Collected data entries
────────────────────

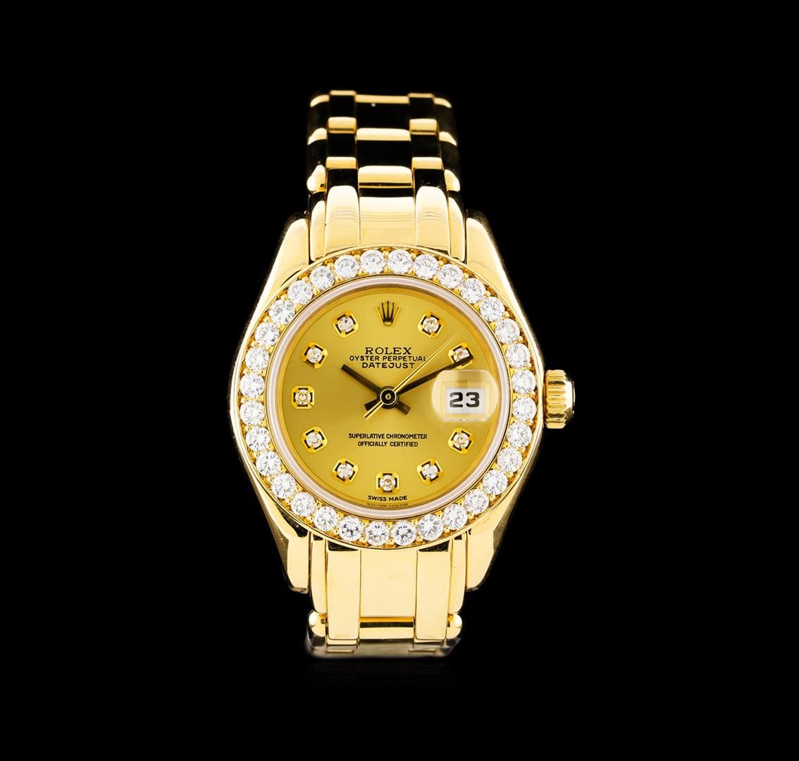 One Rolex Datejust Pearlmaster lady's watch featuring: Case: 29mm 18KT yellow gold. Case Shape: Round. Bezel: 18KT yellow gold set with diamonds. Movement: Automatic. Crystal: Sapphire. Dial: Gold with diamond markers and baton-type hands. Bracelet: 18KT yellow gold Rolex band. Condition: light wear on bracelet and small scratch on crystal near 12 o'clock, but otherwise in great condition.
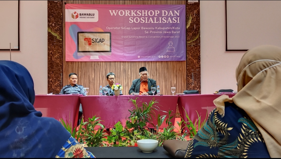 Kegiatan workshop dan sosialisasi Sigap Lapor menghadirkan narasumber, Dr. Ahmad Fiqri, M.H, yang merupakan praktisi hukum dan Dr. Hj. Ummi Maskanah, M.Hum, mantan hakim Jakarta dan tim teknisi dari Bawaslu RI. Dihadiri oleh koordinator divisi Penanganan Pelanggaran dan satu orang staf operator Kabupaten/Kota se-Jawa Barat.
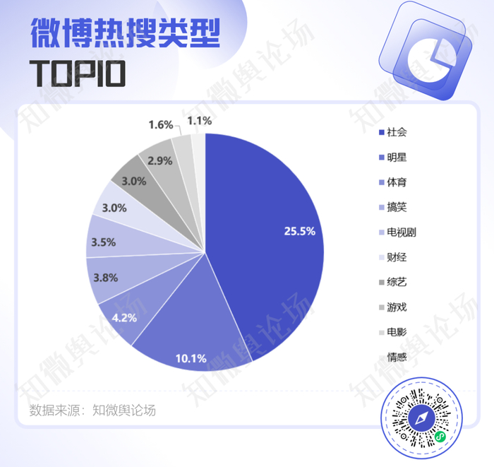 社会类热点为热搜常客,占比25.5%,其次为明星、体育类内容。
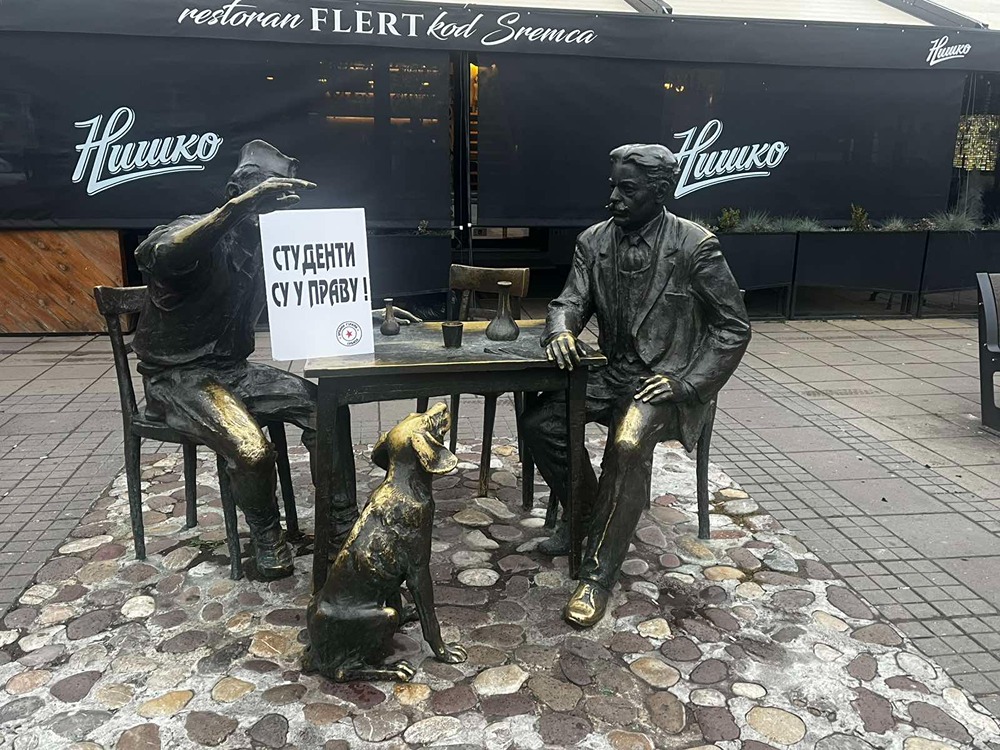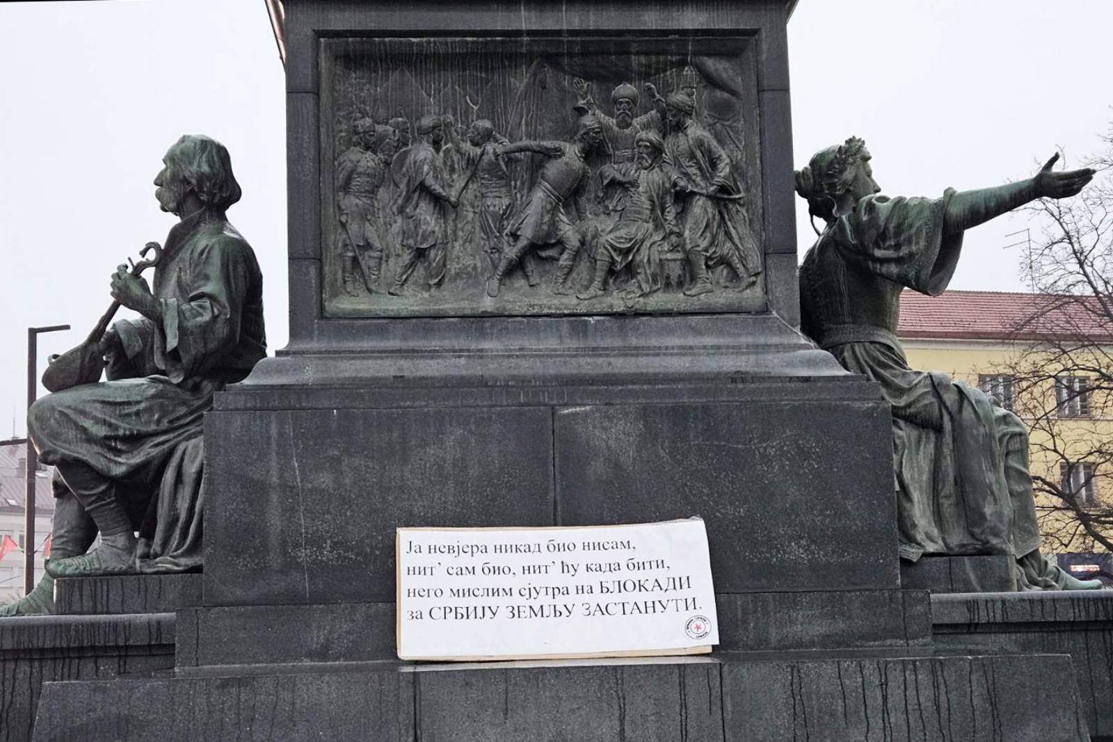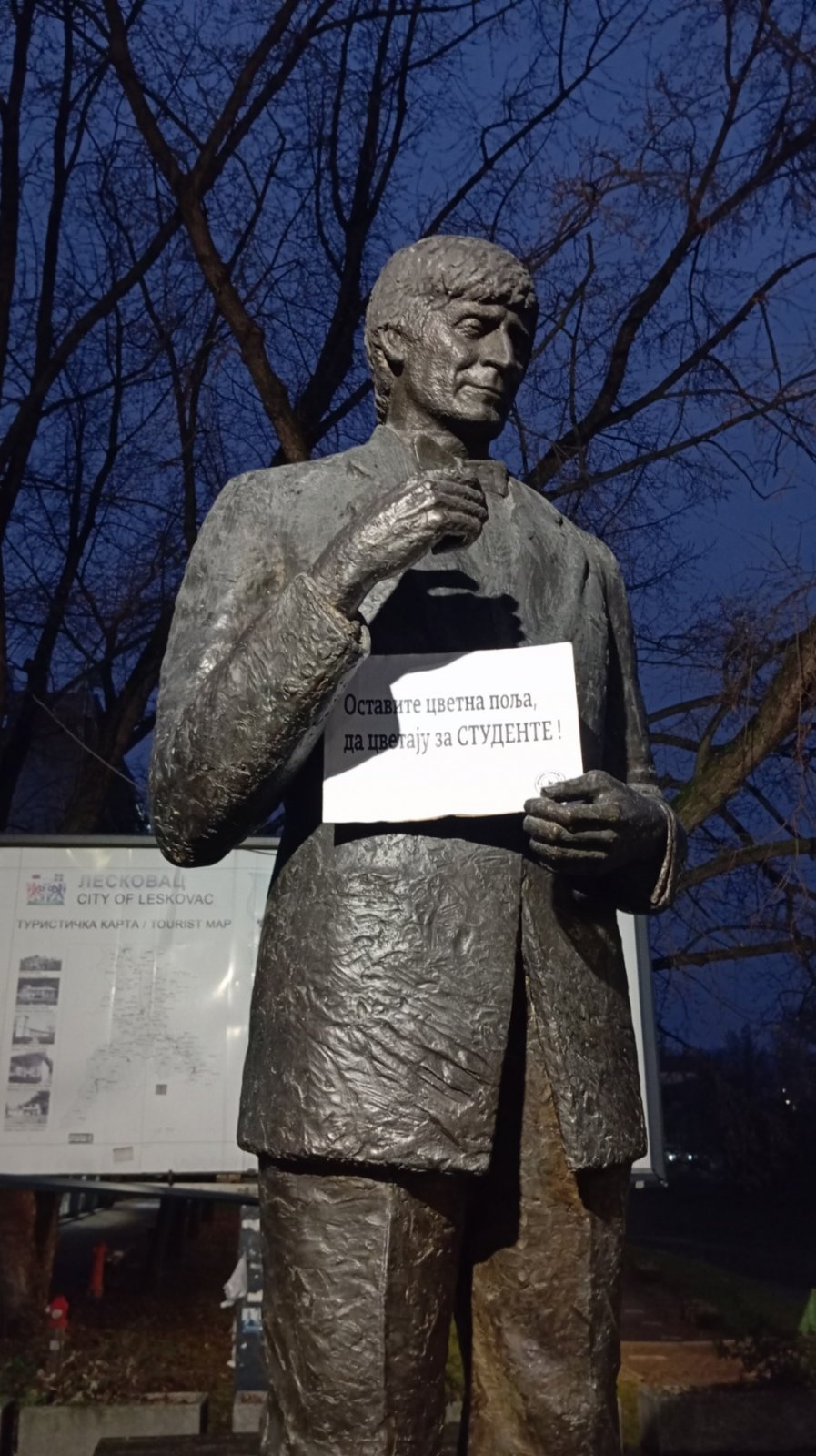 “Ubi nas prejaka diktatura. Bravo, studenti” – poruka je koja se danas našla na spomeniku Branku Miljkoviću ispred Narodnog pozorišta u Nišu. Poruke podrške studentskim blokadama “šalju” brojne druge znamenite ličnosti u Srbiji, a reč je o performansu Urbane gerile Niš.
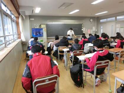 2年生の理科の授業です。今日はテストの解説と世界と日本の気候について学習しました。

────────────────────

[WHAT IS EXPECTED]:
The lines to retype begin with the one containing "社会类热点为热搜常客,占比25.5%,其次为明星、体育类内容。" and end with the last line of the records. Reproduce them exactly and omit the pictures.

[WRITTEN SOLUTION]:
 社会类热点为热搜常客,占比25.5%,其次为明星、体育类内容。
 “Ubi nas prejaka diktatura. Bravo, studenti” – poruka je koja se danas našla na spomeniku Branku Miljkoviću ispred Narodnog pozorišta u Nišu. Poruke podrške studentskim blokadama “šalju” brojne druge znamenite ličnosti u Srbiji, a reč je o performansu Urbane gerile Niš.
 2年生の理科の授業です。今日はテストの解説と世界と日本の気候について学習しました。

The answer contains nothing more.